JL Jiang and SC Li and YY Duan and MH Wang and JH Hu and DS Hou and YJ Geng and MJ Hu and ZJ Liu, COATINGS, 13, 2004 (2023).

DOI: 10.3390/coatings13122004

Calcium silicate hydrate (CSH) plays a crucial role in concrete by controlling its properties and durability. The degradation of CSH often signifies concrete damage. Polydimethylsiloxane (PDMS) is commonly used to protect concrete from sulfate corrosion; however, the comprehensive mechanistic understanding of its protective effects against CSH remains limited. Here, molecular dynamics (MD) simulations were employed to explore atomic-scale interactions between PDMS coatings and CSH in a sulfate-rich environment. Our results reveal that PDMS mitigates sulfate-induced CSH decalcification by forming a positively charged layer, ultimately reducing sulfate bonding by 83.3% compared to the blank group. Molecular structure analysis highlights key hydrogen bonding and calcium-oxygen bonding interactions that are critical for this protection.

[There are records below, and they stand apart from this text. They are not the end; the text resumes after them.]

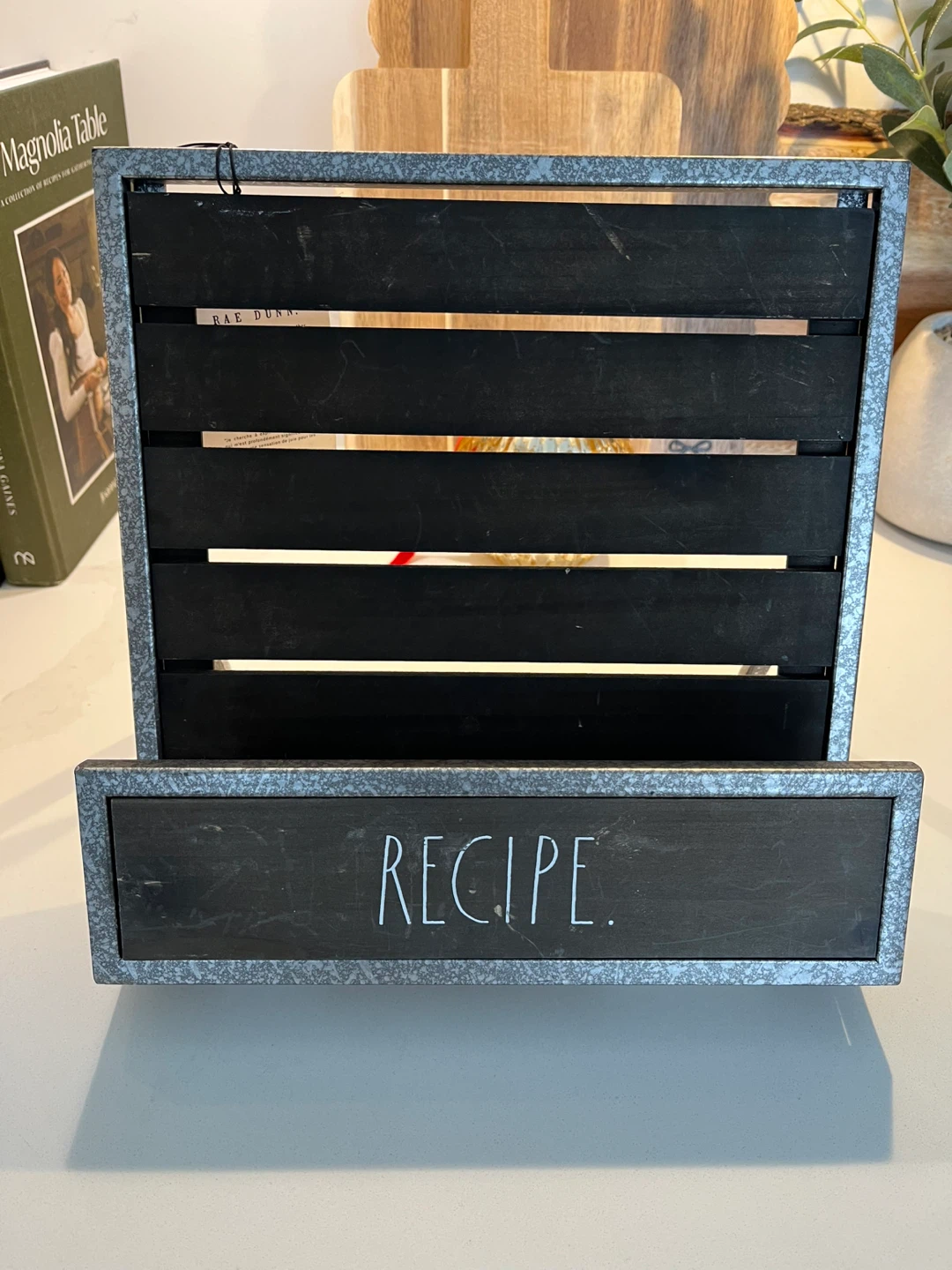 Selling a Rae Dunn recipe holder from the Kitchen Collection! It's perfect for keeping your recipes organized while you cook. The holder has a chalkboard-style front where you can write the recipe name
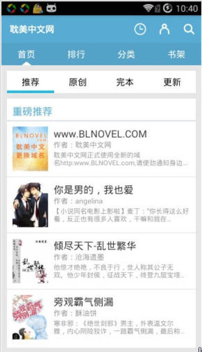 耽美小说中文网是一款崇尚官能美浪漫追求文学的小说APP,适用于安卓多种用户,耽美小说是一种新型的漫画小说类型,收录当下最热最新的耽美阅读,喜欢这款小说的朋友们快来下载吧但亲们看书时间不宜过长哦!
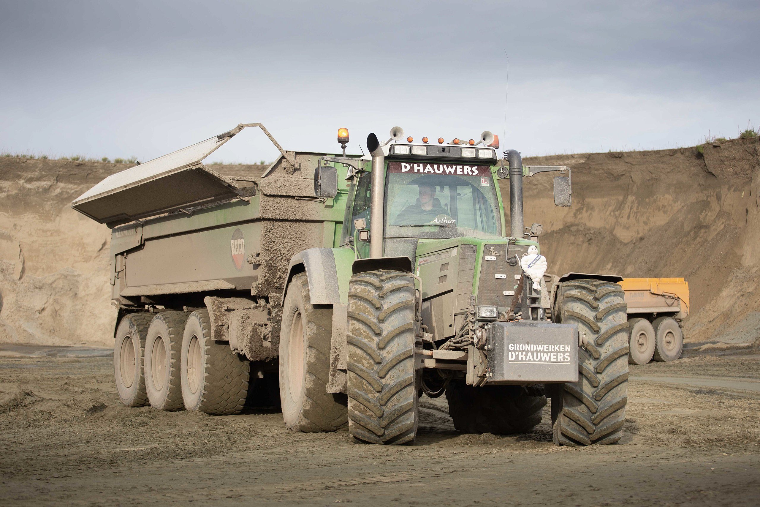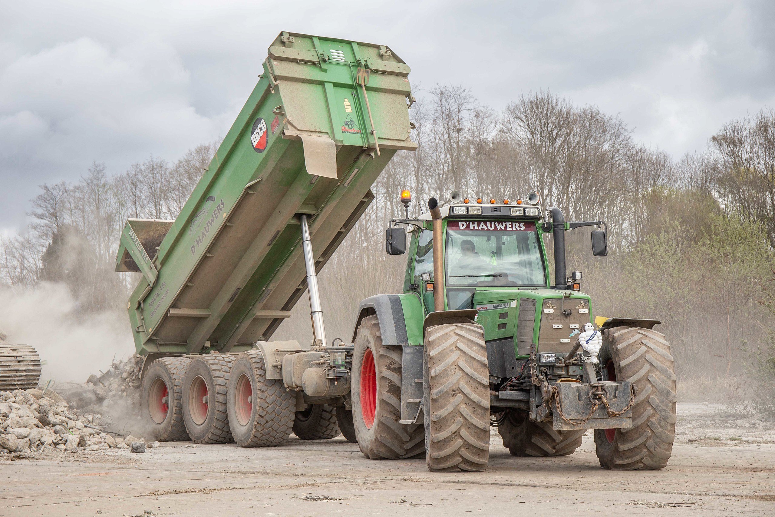 De bekendste combinatie van firma D’Hauwers is de Fendt 926 Favorit in combinatie met de groene Beco drie-asser. “Het is een trekker die al lang meegaat op het bedrijf en momenteel 16.000 uren op de teller heeft.” Voor Nicolas was het altijd een droom om met de Fendt Favorit 926 in combinatie met een drie-assige gronddumper te rijden. In het begin stond de trekker vooral voor de drie-assige containerhaak, maar vanwege het slechte comfort kwam hij voor de Beco drie-asser te staan. In combinatie met de disselvering van Beco is het comfort in de cabine dag en nacht verschil in vergelijking met de containerhaak volgens Nicolas. “Ik heb zelf nog even getwijfeld om luchtvering onder de cabine te plaatsen, maar dat is nu niet meer nodig.” Zelf zit Nicolas niet achter het stuur van zijn favoriete trekker. Dat is ingenomen door één van zijn vaste chauffeurs. “Ik ben enorm blij als ik in het weekend zelf even achter het stuur mag kruipen”,lacht Nicolas. Nicolas is van plan om de trekker rond de 20.000 uren op pensioen te sturen. “Dit is het beste naar betrouwbaarheid voor de klant toe. We willen niet te veel in panne staan.” De trekker verkopen doet Nicolas nooit. “Desnoods komt hij in de woonkamer in een glazen kast.” Uit interesse en liefde voor de Favorit-reeks is er onlangs nog een Fendt 824 Favorit aangekocht om het rijtje compleet te maken.

Higher polymerization stabilizes substrate adsorption, reducing surface diffusion to 33.3% of low-polymerization PDMS, thereby enhancing protection. Additionally, water molecule interactions with the CSH matrix are negatively correlated with the amount of adsorbed sulfate. Simulation results offer valuable insights into the molecular- level dynamic response of the material, contributing to a deeper understanding of the protective mechanisms of PDMS against sulfate- induced CSH degradation in concrete. These findings can guide experimenters and engineers in designing more effective protective coatings for concrete exposed to sulfate-rich environments, thereby laying a foundation for further experimental research and the development of concrete materials with enhanced durability under challenging environmental conditions.